Eating Disorders: Class is in Session
Have you ever stared at a billboard, catalog, or magazine and felt inadequate? Many people harshly criticize their bodies when beauty depictions of models center around popular “highly desirable” body shapes. The media and beauty industry inundates us with unrealistically glamorous ideals. There are insider guidelines and other little hacks with step-by-step tutorials on how and why you should attain this “standard” of perfection.
Please don’t buy into the fallacy. Those pictures do not display real life. The models hide it underneath their smiles. Behind closed doors and away from cameras and Photoshop, their friend Ana leeches onto models’ sides and sticks to them like glue. She feeds them lie after lie about attaining perfection.
Welcome back to class. For today’s topic: Eating Disorders (ED).

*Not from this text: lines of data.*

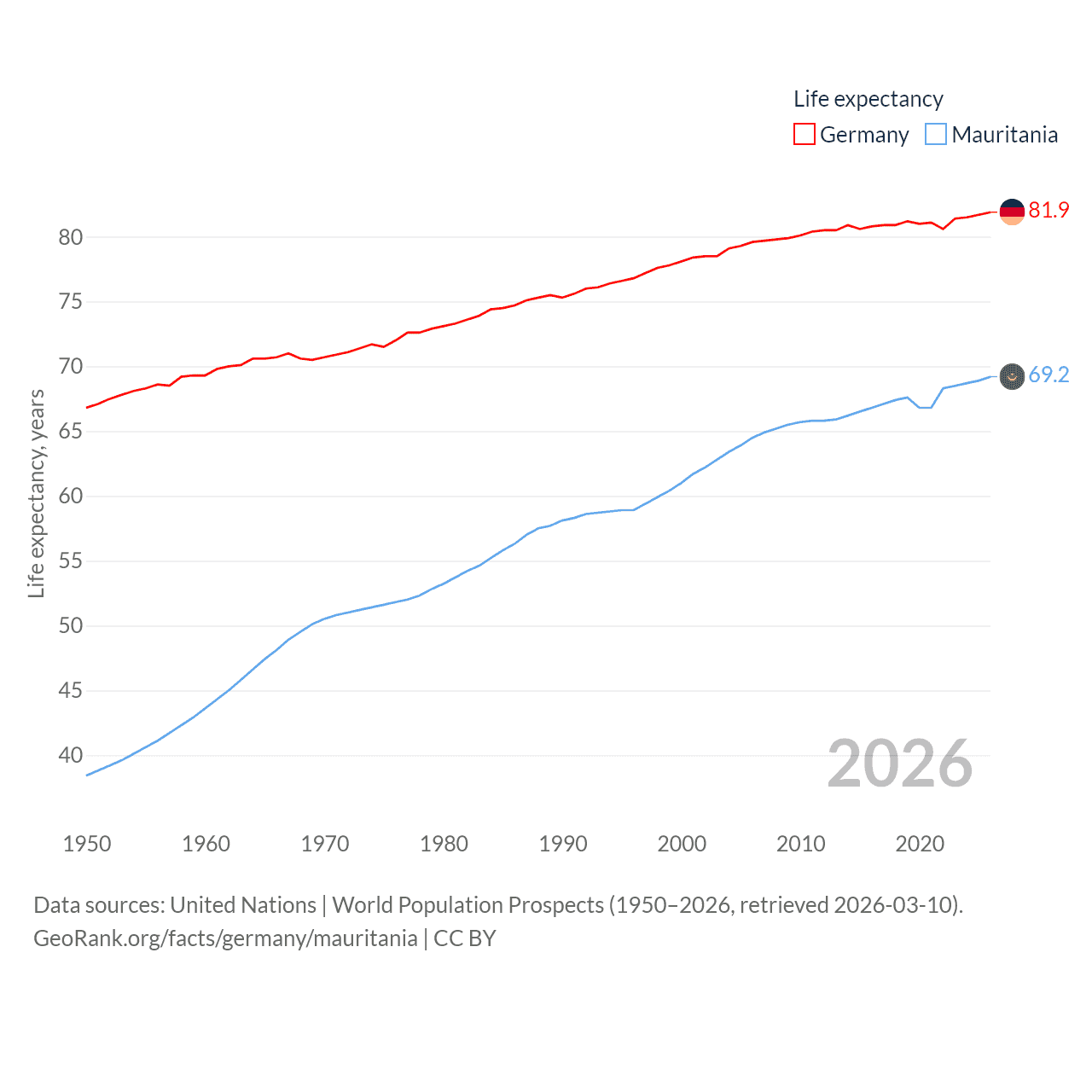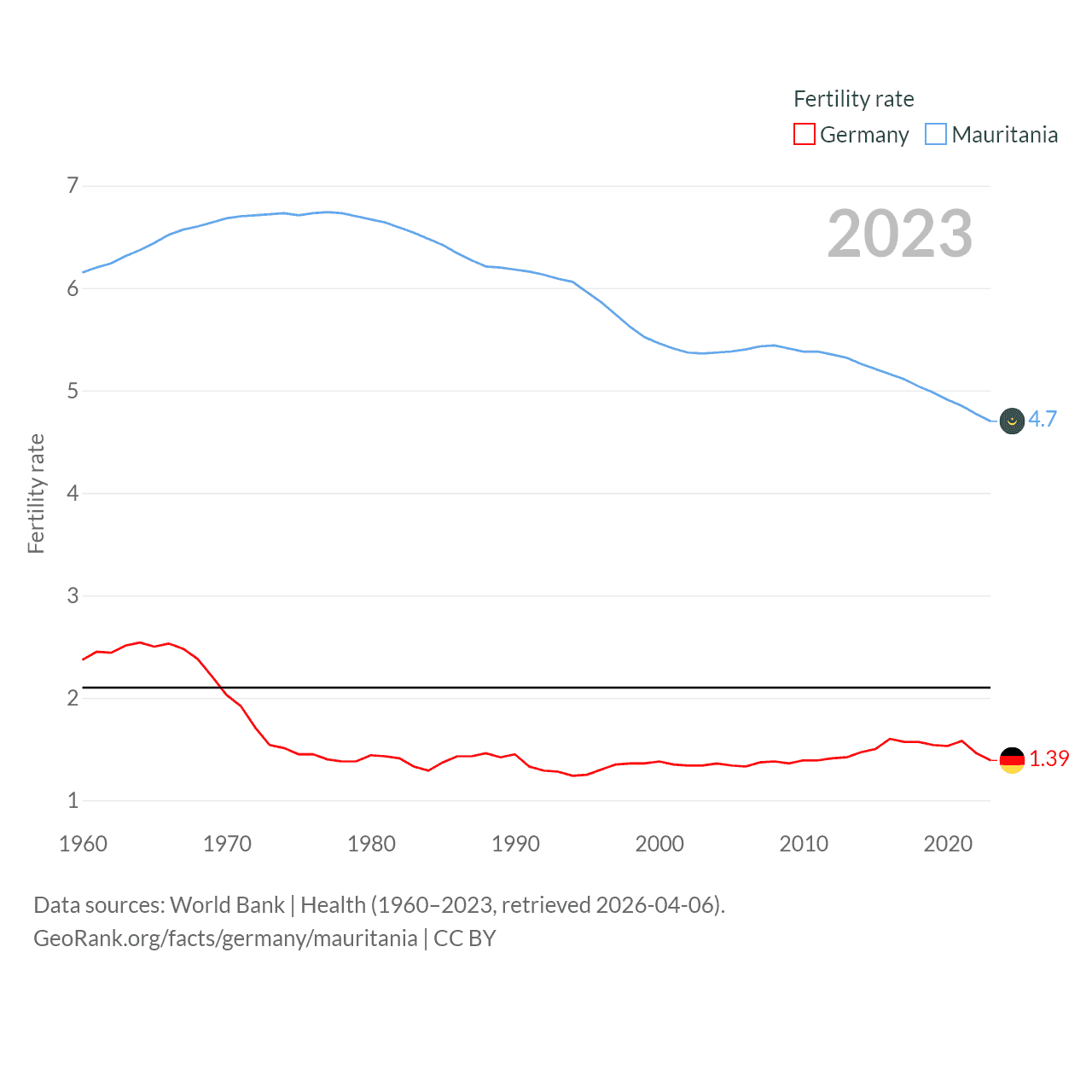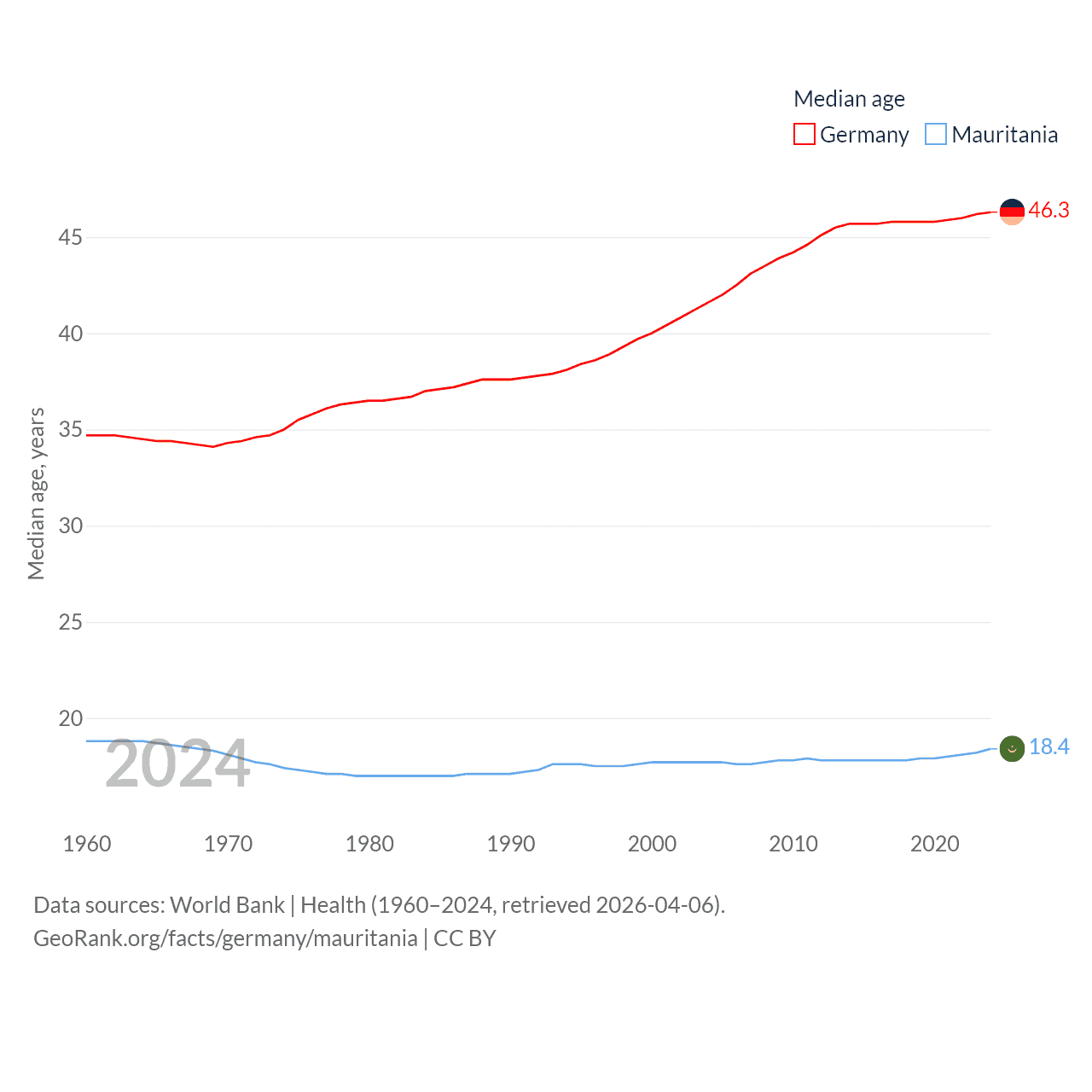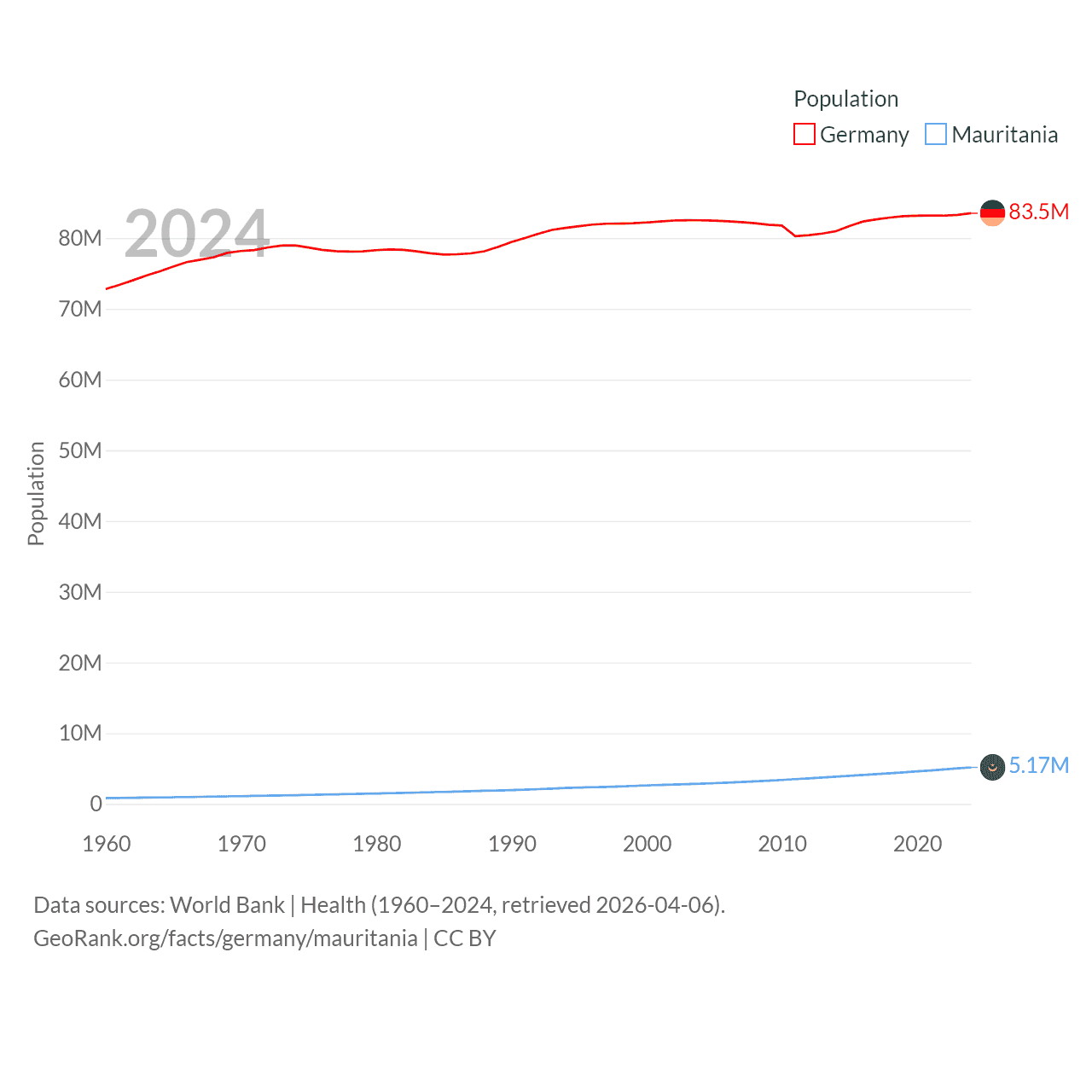 Germany has a population of 83.5M (ranked 19/197), compared with 5.17M in Mauritania (ranked 125/197). Germany's land area is 134,916 sq mi versus 397,955 sq mi for Mauritania (ranked 63rd vs. 28th).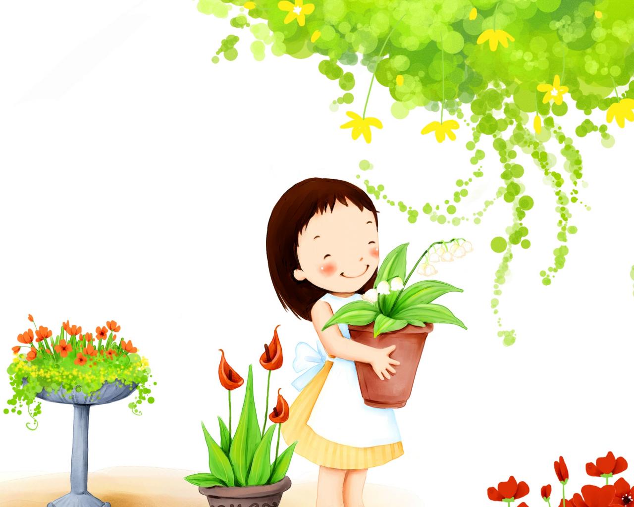 Wallpaper Little Girl with Flowers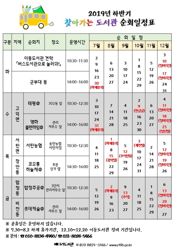 이동도서관 순회일정 및 자세한 사항은 이동도서관담당 전화 및 평택시도서관 홈페이지를 참고하면 된다.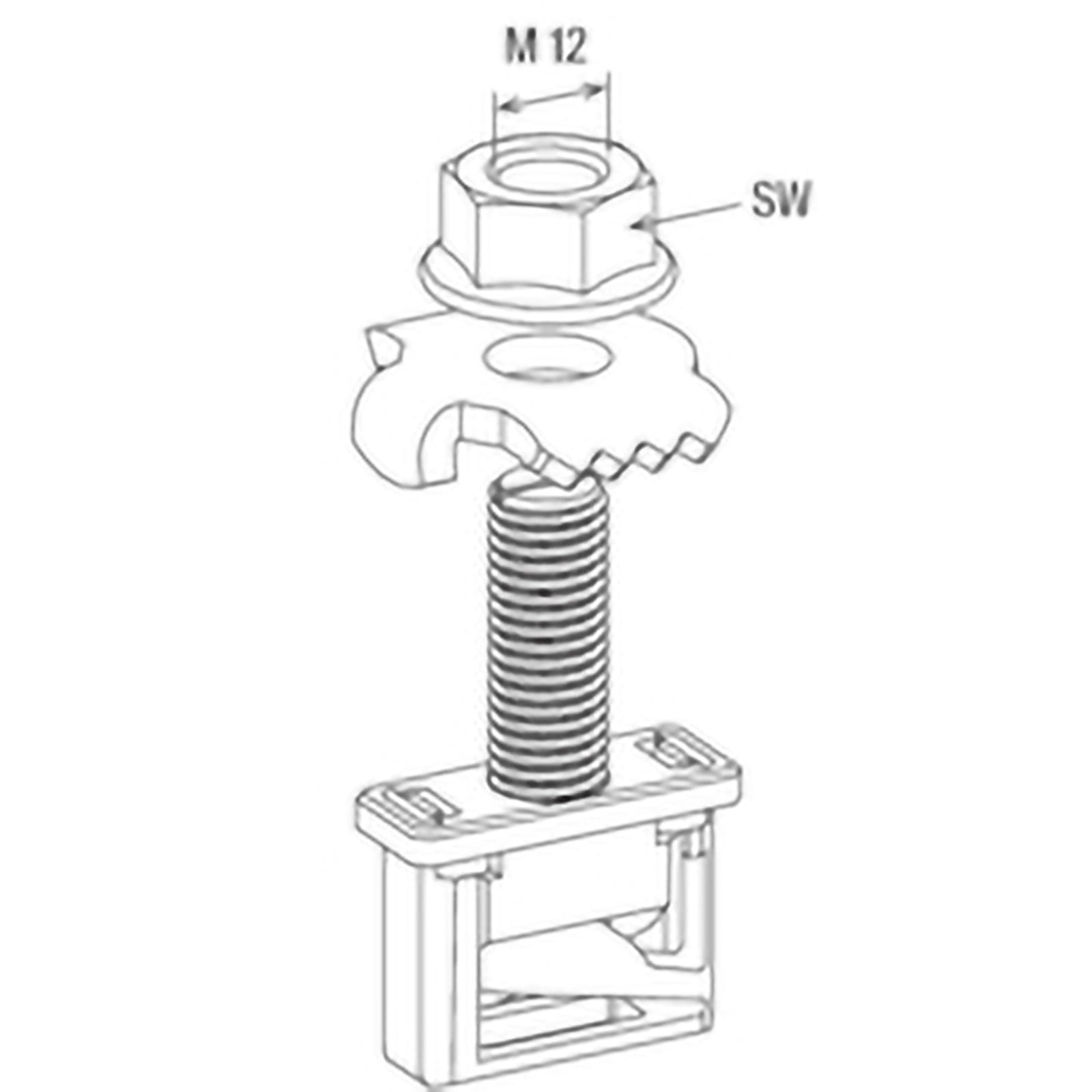 - Einsetzbar für dynamische Beanspruchung mit zusätzlicher Sicherungsmutter FMSB MU M12.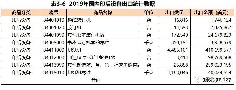 19年常規(guī)印刷機及輔機用零件出口值3519萬美元(比上年增長14.3%)、數字印刷設備及輔機用零件出口1.20億美元(比上年增長1.6%)。2019年國內常規(guī)印刷輔機和相關零件出口(按出口值計)前五位的國家有,日本、馬來西亞、越南、印度、泰國;數字印刷設備及輔機用零件出口前五位的國家有,日本、以色列、韓國、新加坡、泰國。3. 印后設備出口2019年印后設備出口8.46億美元(參見 表3-6)。其中,涉及書刊、本冊裝訂的設備及零件出口3779萬美元占印后設備出口總值的4%,而印后包裝類設備(制包、制盒設備)出口3.58億美元占印后設備出口總值的42%、切紙機及零件出口4.51億美元占印后設備出口總值的58%。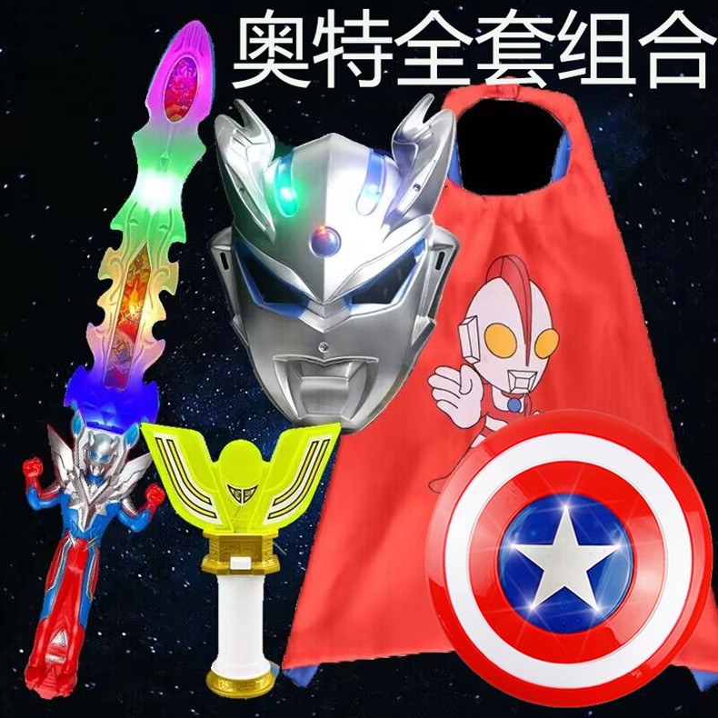 セロウルトラ漫画マスクマント子供玩具男の子宝剣発光玩具盾セット音楽刀剣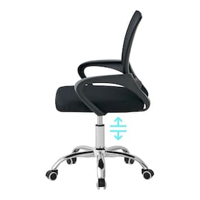 Especificações: Cor: Preta Linha: Arco Tipo: Cadeira Giratória Office Assento: Acolchoado com espuma de alta densidade Encosto: Ergonômico (promove suporte lombar) Base: Giratória com 5 rodízios de poliuretano (não riscam o piso) Ajuste de Altura: Sim, sistema pneumático a gás Material da Estrutura: Nylon de alta resistência e metal cromado Peso Máximo Suportado: Até 120 kg Diferenciais: Design sofisticado com detalhes cromados, rodízios silenciosos, fácil montagem. Dimensões: 109 x 56 x 58 cm (AxLxC)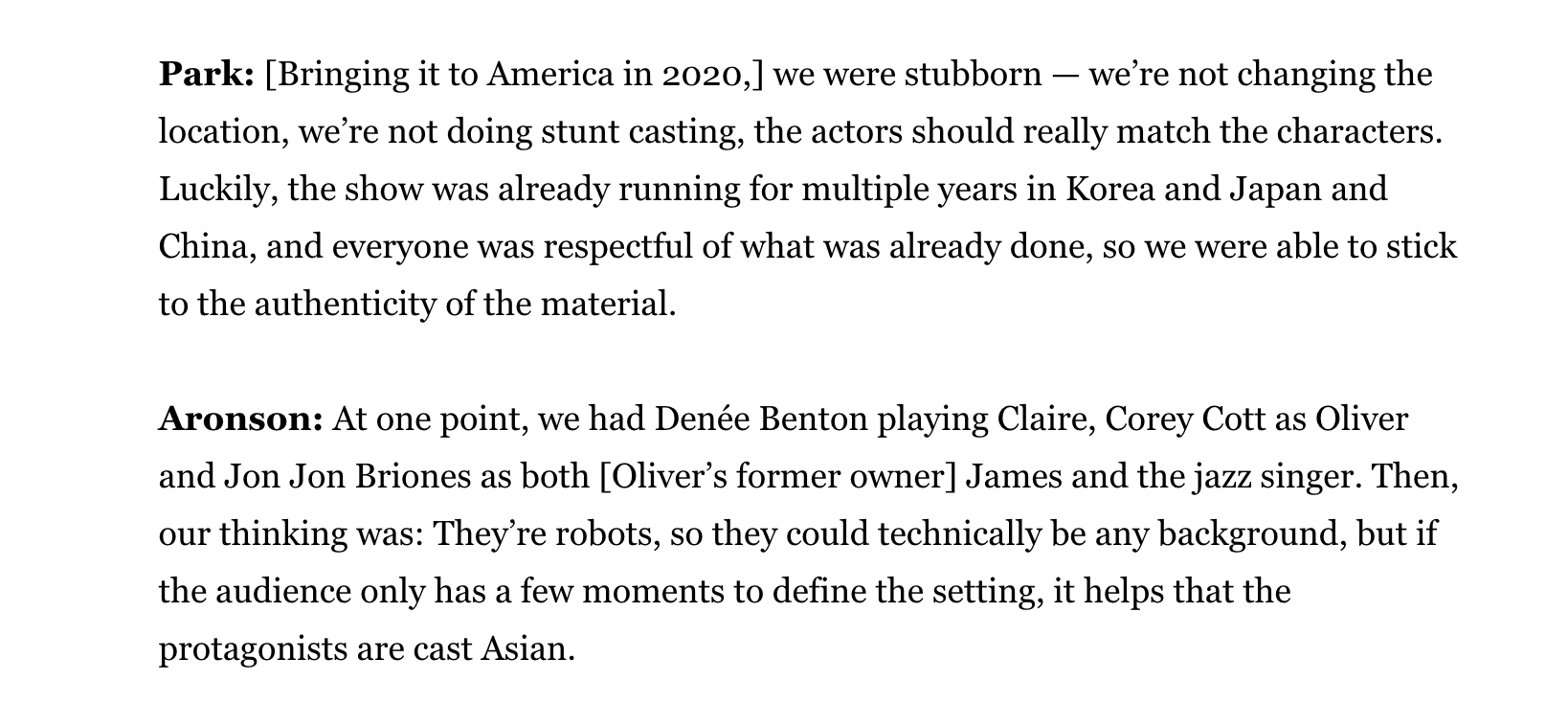 This is a Producer decision, and clearly the producer is digging their heels in. They have used their considerable influence and ability to sign checks and sent forth all manner of people of color – to advocate for a non-AANHPI HelperBot to become accepted as part of the shows’s Zeitgeist.
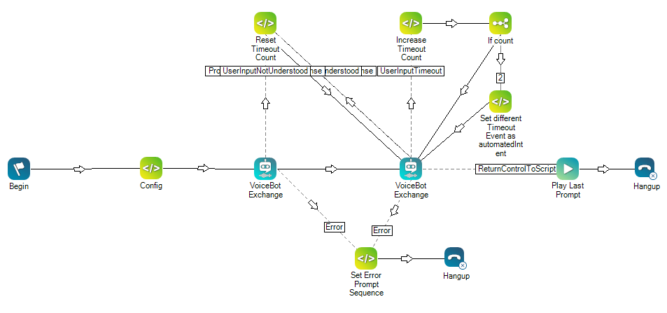 在此脚本中,Snippet 操作用于创建和递增超时计数器。 第二次超时后,Snippet 操作则用于设置不同的超时事件。 交替超时事件通过 automatedIntent 属性从 Snippet 操作传递给语音机器人操作。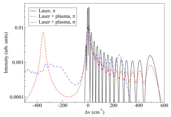 The spectra thus obtained are given in Figure 5. One immediately recognizes the so called Rabi sideband on the blue side of the unperturbed-line position, strictly -polarized when no plasma perturbation is assumed. When the latter is added, several phenomena are observed. First, the separate peaks in the Rabi sideband become broadened and less “contrast”. Second, a -polarized emission, having a qualitatively similar structure, but with differently placed minima and maxima, appears. Finally, a single strongly -polarized red-shifted peak emerges. We stress that the approach used to calculate spectra in Figure 5 is approximate in the treatment of the atomic density matrix. However, we believe that the qualitative features are correct. In particular, the plasma-caused smoothing of the Rabi sideband quasi-comb structures was observed experimentally—see Heck et al. [25] and references therein.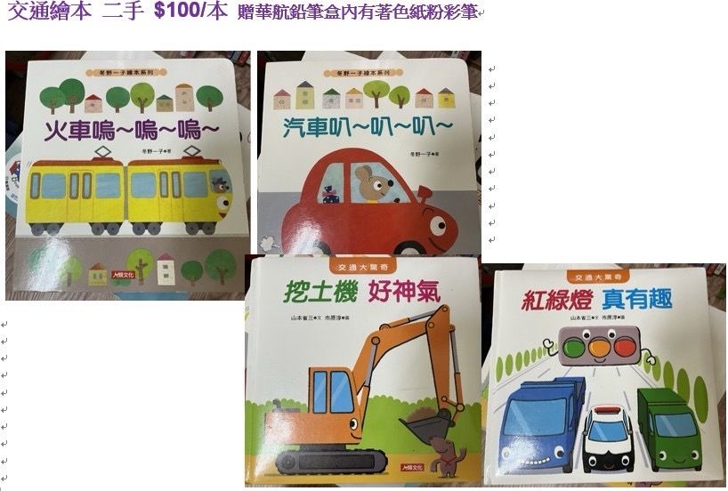4.交通繪本 二手 $100/本 贈華航鉛筆盒內有著色紙粉彩筆

According to the National Association of Anorexia Nervosa and Associated Disorders, eating disorders are one of the deadliest mental addictions, ranking right behind opium dependency. Thought processes revolve around food and weight– often unhealthily. Anorexia Nervosa denies eating as much as possible, Bulimia Nervosa is a cycle of binging tons of food and purging, and Binge Eating Disorder (BED) causes a person to overeat in a short period of time. The causes are vast in nature and experts believe the root of controlling food intake is a coping mechanism for overwhelming and painful feelings. Along with genetics and the environment, peer pressure and emotional health highly correlate with ED, usually due to constant harassment and bullying centered around weight.
I had the privilege of interviewing someone who is in recovery from this disorder. This is their story:
“It took a long time for me to realize that what I was doing was not normal. I would cycle through periods of engaging in different behaviors that eventually led me dropping out of school. There are days where I still feel those same thoughts rushing through my head, where I feel like I finally escaped the bounds of the disease; where I can go days, even weeks without looking at the scale, then I would be pulled back in…This, just like any other mental health issue, is a lifelong struggle. Everyone’s experience is different. Every person recovers differently and everyone needs different levels of care and support…it does not make one person’s illness more or less valid.
People should treat ED as seriously as any other mental health issue, regardless of a person’s makeup. People think of ED as only skinny ballerina girls when men struggle just as much. We need less stigma so men can feel reassured to reach out for help, too. Regardless of a person’s diagnosis or personal history, they should not have to fall within a certain BMI or a specific range before getting treatment. There should be more accessibility than that.”
ANAD specializes in treatment for eating disorders, offering free support services for those struggling with body image and disordered eating. Therapy is always recommended; 7 cups and BetterHelp provide online platforms for therapy, listeners, and peer support.
Do not make numbers your entire worth: they are your life’s essence, sacred, and should be treated as such. Regardless of gender, age, and sexual orientation, anyone should feel safe and reassured to reach out for help.
Many thanks to Anonymous for sharing their story and their views about recovery.